The Armed Forces have been
most exposed to political manipulation, which down-graded it, and
used it in the name of various false slogans to destroy the Nation.
It should be restructured
along the following lines:
FIRST:
It should have high discipline and efficiency. Its basic frame
should be capable of expansion to face any defense requirements
along the Swiss model.
SECOND:
A compulsory National service would be required to provide the human
resources needed for the country’s security.
THIRD:
To curtail military expenditure to give priority to development.
Fourth:
The entrenchment of military commitment to the democratic system, to
its defense function, and to obey the command of the elected
Government.
FIFTH:
The complete insulation of the armed forces from party political
influences and from the requirements of internal security.
SIXTH:
The regulation of economic, commercial, and cooperative activities
within the armed forces.
SEVENTH:
The regulation of all the disciplined forces to avoid overlapping
and encroachments.
EIGHTH:
Balanced composition of the armed forces to reflect the reality of
the country’s demographic composition.
NINETH:
Police and prosecution functions to be confined to the police and
the public prosecution institution.
TENTH:
Extensive and efficient measures to prevent coup making
(C)
The National Economy:
Economic Development in Sudan
suffered from certain defects, particularly, the distribution of
development opportunities in favor of certain regions, and the bias
against the traditional sector.
During the periods of
military despotism, ill-advised ideological considerations have been
imposed on the economy corrupting it and destroying its viability.
The following measures need to be implemented: -
The establishment of a
disciplined financial system: to curtail the military and security
expenditure required by the totalitarian system.
A similar measure is needed
to curtail the bloated civilian expenditure associated with
unnecessary administrative expenditure. On the revenue side, a tax
reform is required to rationalize the tax-system and do away with
double taxation. In both cases of revenue and expenditure, it is
necessary to ear mark central and regional finances.
·
Reform of
the Banking system to enable the central Bank impose Banking
discipline. The implementation of monetary policies required to cut
down the volume of money and among other polices, restore the value
of the National currency.
·
The
rehabilitation of agricultural schemes, industrial plants, and
public utilities and the provision of the necessary in-puts.
·
The
borrowing of a regime, which lacks the legality and legitimacy to
represent the people, formed the external debt. The sums of money
involved were unwisely spent. Therefore it should be forgiven.
·
Rehabilitation and reconstruction of the war torn areas. There needs
to be a strong National commitment to Economic Development. The
economic policies leading up to it, involve the State’s role in the
construction of the material and social infrastructure, and the
establishment of a free market economy, along with measures to
protect the most vulnerable groups.
These
policies are: -
-
The
establishment of the rule of law, the protection of private
property, and enforcement of contractual obligations.
-
The pursuit
of macro-economic polices which encourage investment, enhance
productivity, enforce financial and monetary discipline, regulate
commercial activities, and raise the level of economic activity.
-
Development
of the material infrastructure in the fields of transport,
communication, and energy.
-
Redress the
imbalance in Regional Development.
-
Protection
of the most vulnerable sections of society in terms of free health
care and education.
-
Protection
of the environment.
-
Pursue
policies, which benefit from Globalization, and protect the National
economy from its adverse effects.
-
Seek the
benefit of a positive relationship between culture and development.
(D)
The Social Infrastructure:
The development experiences in
East Asian countries proved the falsehood of a previously held
belief that development requires, in its initial phase, neglect of
expenditure on social services. On the contrary, expenditure on
education and health is investment in human capital and is vital for
development.
Currently there are two types
of defects: -
·
Defects in
the policies of health and education in
Sudan.
·
Defects in
the Regional distribution of social services.
Several conferences have
analyzed these matters, their recommendations should be considered.

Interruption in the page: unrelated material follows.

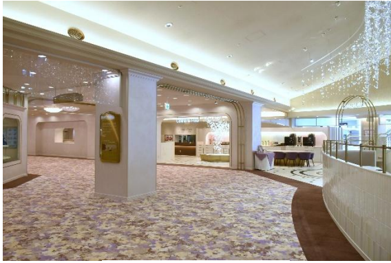
建物エントランス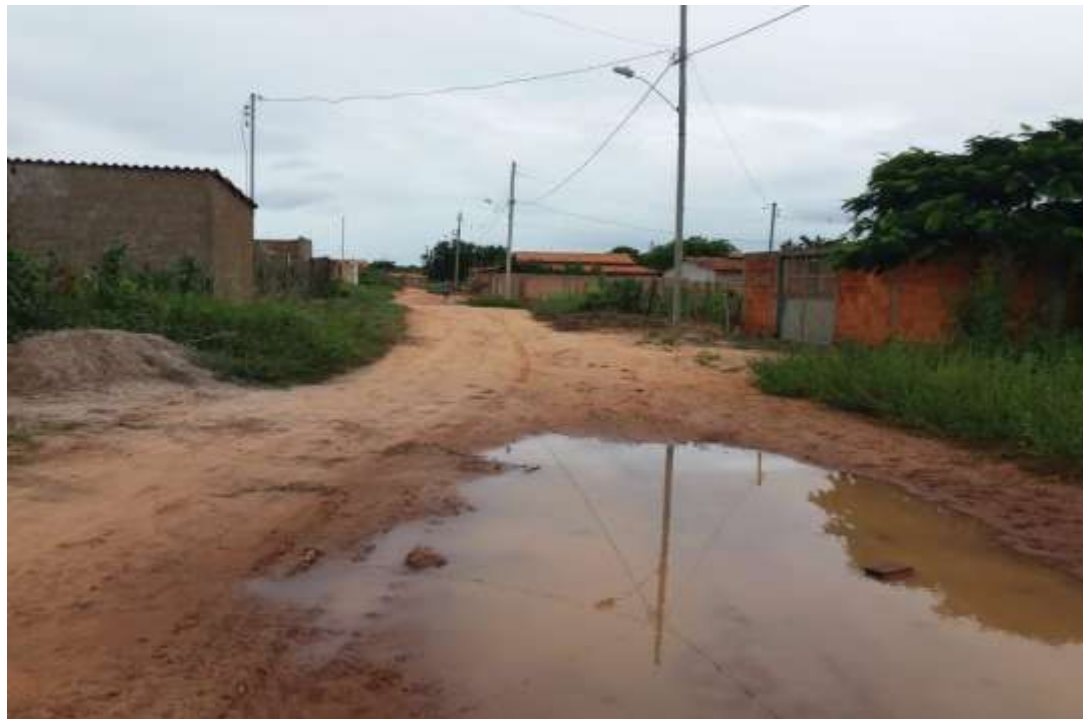
Figura 06- Rua Aristeu Jose de Souza

It is necessary to hold National conferences on education and Health
to study and recommend.
These recommendations should
be put before A National commission on education, and a National
commission on Health authorized to effect radical reforms in their
respective fields.
Sudan’s natural environment
has suffered soil erosion and desertification at a grand scale. A
National conference on the environment and the country’s natural
wealth should be convened to study the situation and decide upon the
necessary reforms. A national commission to apply these reforms
should be set up.
The three National
commissions on education, health, and the environment should be put
under the supervision of the country’s supreme executive power.
FIFTH SECTION:
Self-determination
The country’s political
forces have agreed upon self-determination for the following
reasons: -
(A)
Sudan is a multi-cultural country. The cultural and ethnic
gulf between North and South is profound and conspicuous.
(B)
The
Juba conference of 1947 decided that
the Sudan should develop into one Nation/State.
Southern representation in
that conference was inadequate. Many Southerners have questioned the
legitimacy of the Juba conference.
(C)
The 1958
coup d`etat suspended the process of constitution making and as it
put off considering federation, which was the condition made by
Southern politicians for accepting unity after independence.
(D)
The long
lasting civil war created a gulf of bitterness and distrust which
make it impossible to take continued unity for granted. Confidence
in unity has to be renewed within a choice of other alternatives.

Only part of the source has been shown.